Taxpayer Ripoff

Inclement weather shuts down bowl game that Dallas paid oodles for

Inclement weather shuts down bowl game that Dallas paid oodles for

Cotton Bowl Stadium
Courtesy photo

A bowl game that cost Dallas taxpayers a bundle got canceled due to inclement weather.

The Servpro First Responder Bowl, taking place on December 26 at Cotton Bowl Stadium, was suspended due to lightning during the first quarter at 12:59 pm, then finally canceled at 2:20 pm.

"In the interest of safety for our teams and fans, the 2018 Servpro First Responder Bowl was unable to be continued," said executive director Brant Ringler in a statement. "The decision was made after lengthy consultation with emergency personnel, both universities, ESPN, and Cotton Bowl Stadium staff."

The game was between the Boston College Eagles and the Boise State Broncos. It has officially been ruled a no-contest.

In September, the Dallas City Council approved a $300,000 payment to ESPN for two years of the game, which has been played on the day after Christmas since 2012. So that's $150,000 down the toilet.

Voting in favor of squandering taxpayer money on the game were Rick Callahan, Tennell Atkins, Mayor Mike Rawlings, Adam McGough, Casey Thomas, Jennifer Staubach Gates, and Mark Clayton.
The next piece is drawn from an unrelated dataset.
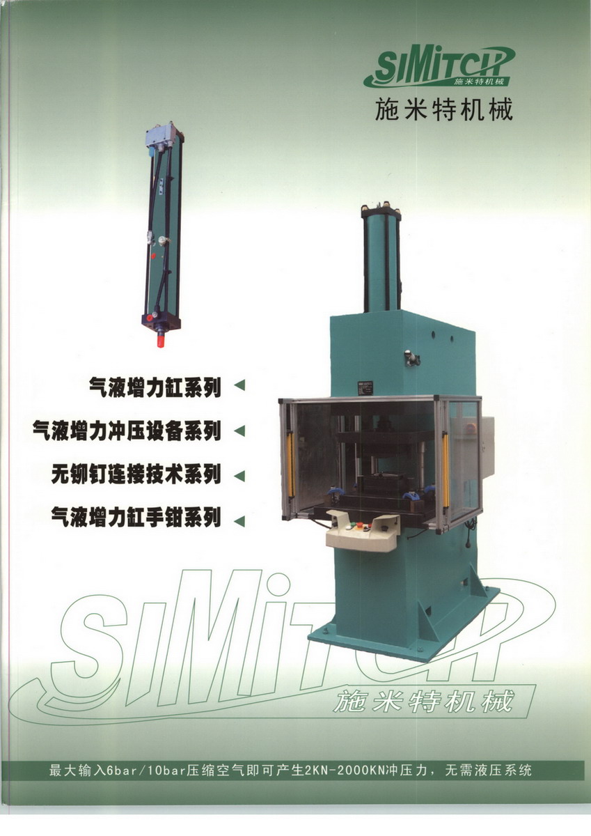 蘇州施米特機(jī)械有限公司系一專業(yè)研發(fā)、生產(chǎn)、制造氣動、液壓領(lǐng)域相關(guān)產(chǎn)品之公司,公司成立于2006年9月。主要產(chǎn)品包括:氣缸、油壓缸、氣液增力缸、增壓器、氣動沖壓機(jī)、氣液增力沖壓設(shè)備、氣液增力壓鉚設(shè)備、氣液增力壓力裝配設(shè)備、氣液增力無鉚釘連接設(shè)備、氣液增力無鉚釘連接手鉗、油壓機(jī)、液壓泵站、各類工裝夾具及專機(jī)設(shè)備等,尤其在氣液增力系列產(chǎn)品及相關(guān)及氣動沖壓設(shè)備上有著多年的研發(fā)制造經(jīng)驗,產(chǎn)品具有壽命長、精度高、輸出力大、體積小、無泄露等特性,產(chǎn)品形成系列化、多元化能滿足客戶不同需求,同時能為客戶設(shè)計制造特殊要求產(chǎn)品。公司目前開發(fā)的產(chǎn)品廣泛應(yīng)用于汽車零部件、電子產(chǎn)品及鈑金件的沖壓、鉚接、無鉚釘連接、壓力裝配、翻邊鉚合、封口、拉伸成型、沖裁、剪切等工藝。

Atkins said that "It will showcase the city of Dallas, that we are looking out for our first responders," and Rawlings tweeted that "in Dallas, we love football and we love our first responders" — despite the fact that no first responders benefited from the game in any way.

In response to the cancellation, City Council member Scott Griggs said, "I hope City of Dallas taxpayers get a refund from ESPN and Walt Disney. And I wish the City Council would get taxpayers out of the day-after-Christmas-low-tier bowl game business. $30,000/minute is a little expensive."

But according to Willis Winters, director of Dallas' Park and Recreation Department, the city will not get a refund.

A VP for ESPN said that safety was their primary concern in calling the game.

"After more than an hour since stoppage of play, and with review of the active lightning and thunderstorm cells still in the area of the Cotton Bowl, it was determined that the game should be called," said Pete Derzis. "All parties were concerned about player safety first and foremost, and with that being the primary concern, as well as the fans in attendance, it was a unanimous decision to cancel the game."